UAMS Adult Sickle Cell Clinic Changes Lives
Jarques Smith |
Sept. 18, 2014 | In the nine months since it first opened, the University of Arkansas for Medical Sciences (UAMS) adult sickle cell clinic has become an invaluable resource for nearly 100 patients living with the disease, some of whom had few options beyond the emergency room prior to the clinic’s opening.
One of those, Little Rock’s Jarques Smith, 24, who was diagnosed at birth, said discovering the clinic has helped provide a much-welcomed sense of stability. When a primary care doctor told him at age 12 that he didn’t have sickle cell, he lost his insurance and managing the pain became hectic.
“I couldn’t go to a primary care physician or clinic for my treatment, so I did go to the emergency room quite often,” he said. The process was time consuming — waiting to be seen, getting fluid injections, receiving pain medication. And it often meant limited relief.
“Depending on how serious you are, they may keep you or let you go for the night. Usually when they let me go for the night, I’d end up right back in the ER because of the pain. It’s just like a cycle; you can’t make it go away.”
That made it hard to hold a job or be a student.
“There’ve been classes that I failed, jobs that I lost, because of crisis pain,” Smith said. “I’ve had jobs and had to go into the emergency room, and I come back and I didn’t have a job anymore. A lot of people overlook sickle cell because not a lot of people have it, and people don’t talk about it as well. There have been doctors that came into the room and just swore up and down that I wasn’t in pain, that I was just there for the medicine.”
That started to change in the fall of 2013 when Smith met Robin Devan, M.D., on a trip to the UAMS emergency room.
“Once I came across Dr. Devan, it was better. She was a sickle cell doctor. She knew patients that had sickle cell. She told me that she really did understand how I was feeling and what I was going through, which I never had with all the doctors that I came across in the ER. Nobody ever understood the pain of a sickle cell crisis.”
Devan told Smith about the formation of the clinic, which was the result of grassroots support organizations seeking legislative funding over a number of years to solve a problem many people simply didn’t know about.
“I came on board at UAMS in August of 2012 and at that time the state Legislature had given UAMS some money to start a clinic. That’s all we knew. So I developed a plan in conjunction with members of the Hematology/Oncology Division here at UAMS and our Center for Distance Health.”
The plan included a multidisciplinary clinic for adults living with the disease. It would offer not only treatment – infusions and medications without having to resort to the emergency room – but also support groups and a help line not just for patients, but their families and even their doctors. While Arkansas Children’s Hospital has for a long time had a strong pediatric program for sickle cell patients, Devan said, there’s been no organized medical resource for adults throughout Arkansas.
“In the past, patients were sent off to a primary care provider as an adult with this disease. But it’s a rare disease. Primary care providers out in rural Arkansas might not take care of but one patient with this disease. So it puts a burden on that provider,” she said. Additionally, patients might change jobs and move, losing contact with their provider. Usually that results in frequent trips to the emergency room.
The clinic, which began in January 2014, and its associated programs aren’t meant to replace primary care providers, Devan said, but add “another layer of support for patients.” Sometimes that’s immediate care; other times it’s just a listening ear via the help line at 1-855-SIC-CELL (742-2355).

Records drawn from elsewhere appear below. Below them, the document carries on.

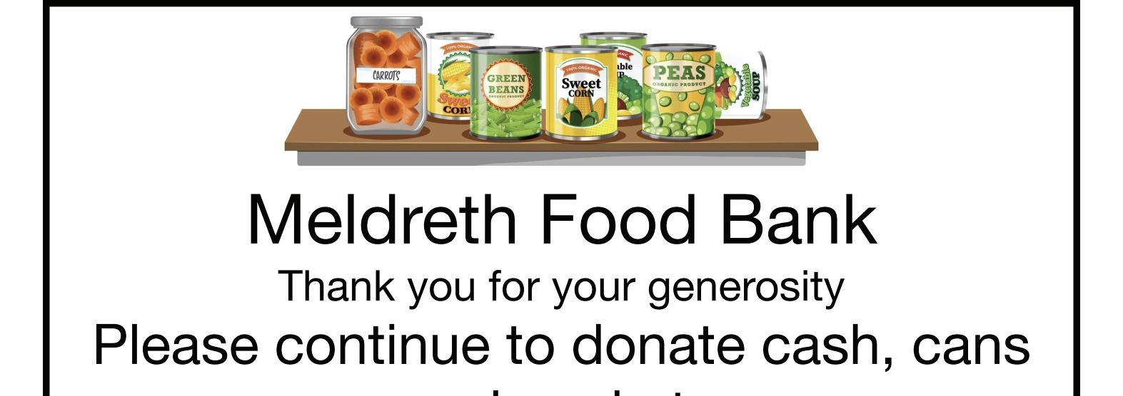Meldreth Foodbank is very short of food at the moment and needs more donations, so please consider buying an extra item with your shopping and putting it in one of the collection boxes at the Church, in One Stop or in the High Street. You can also take items to the Foodbank itself in Elin Way on Tuesday mornings.
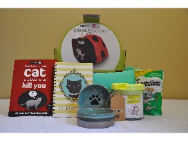 The Luuup litter box will make your life easier thanks to its innovative 3-sifting-tray system! Your cat will love it thanks to its pet-friendly anti-microbial coating, a larger litter area, and a spill guard. The Luuup comes with a pair of blue, grey, and copper pet bowls with paw print design, a Flip-Tite pet storage container by Felli (holds 31 oz.), a "Purrfect" yellow striped cat notebook, a ladybug crinkle cat cave from Pet Rage US Designs, a fun "How to Tell if Your Cat is Plotting to Kill You" book, and an "egg-cersizer" cat treat dispenser.
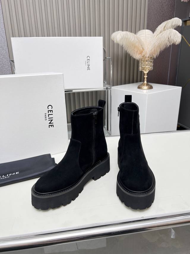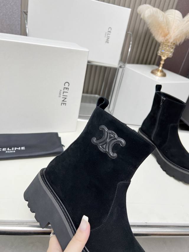 工厂p价 女装女鞋 运动原单 Celine 赛琳 凯旋门时尚百搭舒适厚底靴!!面料头层牛皮、高丝光羊京、内里羊皮发炮大底、标准码数35 40 41、42订做不退
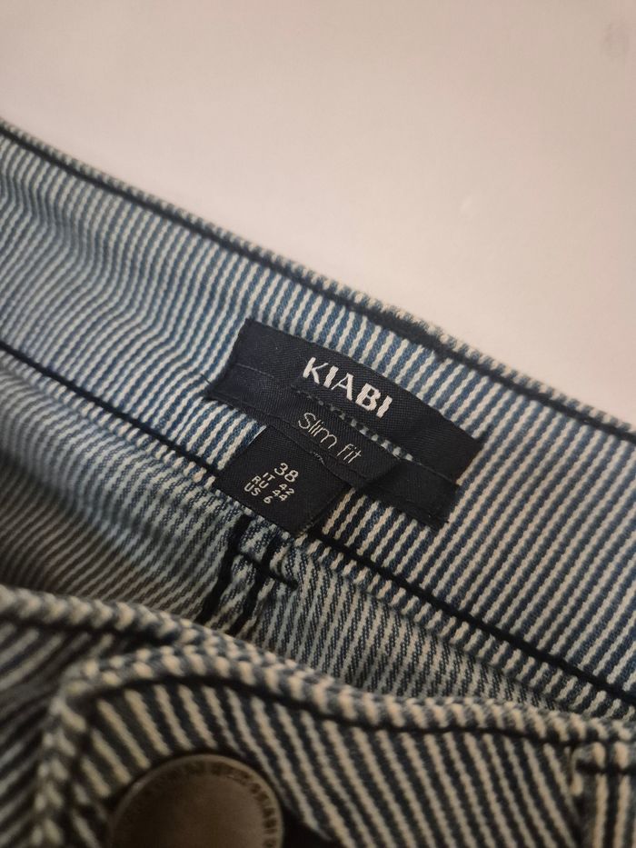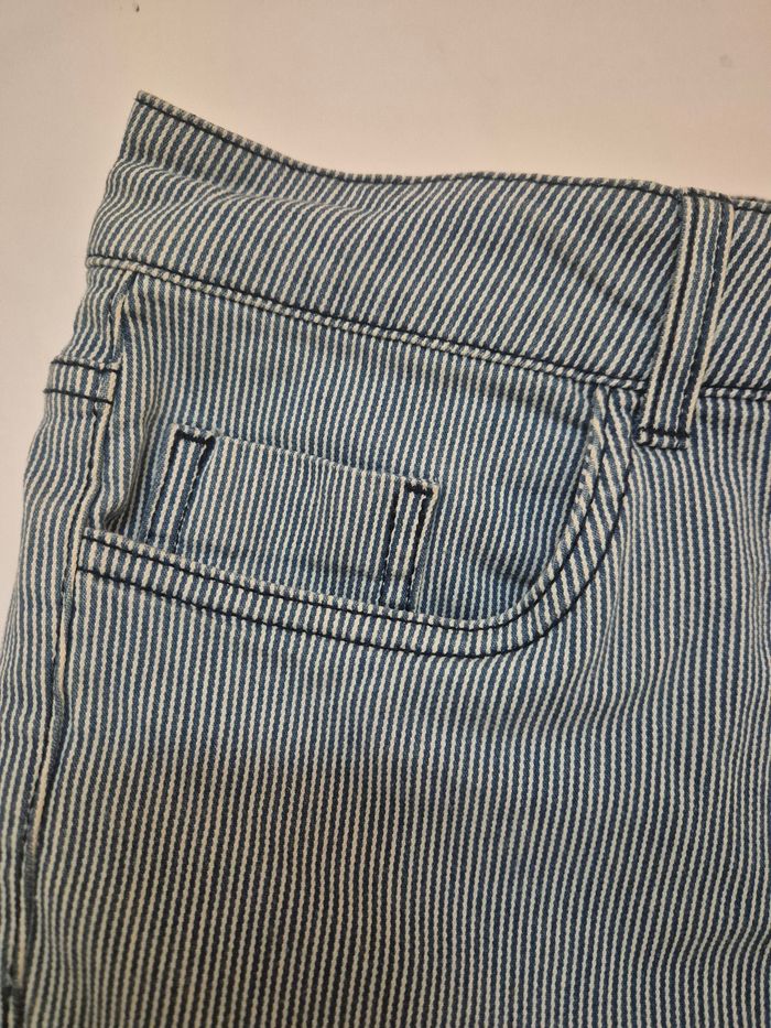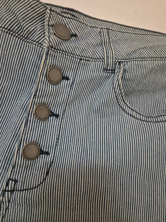 Un joli jean confortable et stretch. On aime les fines rayures qui change le style de cette coupe slim. Jean stretch. Coupe slim. Fines rayures. Ouverture devant par boutons. 2 poches devant + 1 poche ticket. 2 poches plaquées au dos. Petite fente sur la cheville. Jamais porté !

“Between calling Stella Bowers, our R.N., directly or calling the call center, we get about 150 calls a month, and that’s 150 calls that used to never happen per month,” Devan said.
“That’s one of the things that I’m most proud of, that we have this opportunity as a sickle cell team to educate the patients,” Devan continued. Whether it’s about smoking cessation, avoiding inflammatory foods or just avoiding general life stress, conversations with patients have gone a long way.
“Stella is a wonderful ear on the end of the line, and a lot of patients have come to call her for things other than their sickle cell pain.”
For Smith, the programs have allowed him to stay active. In addition to being on track to graduate with a business degree next year, he works for a nonprofit that engages at-risk teen boys in service projects and provides mentoring and support.
“Everything’s just been a learning experience to me, it’s all new,” Smith said. “It seems like it’s just happened out of the blue, but I’m grateful for it.”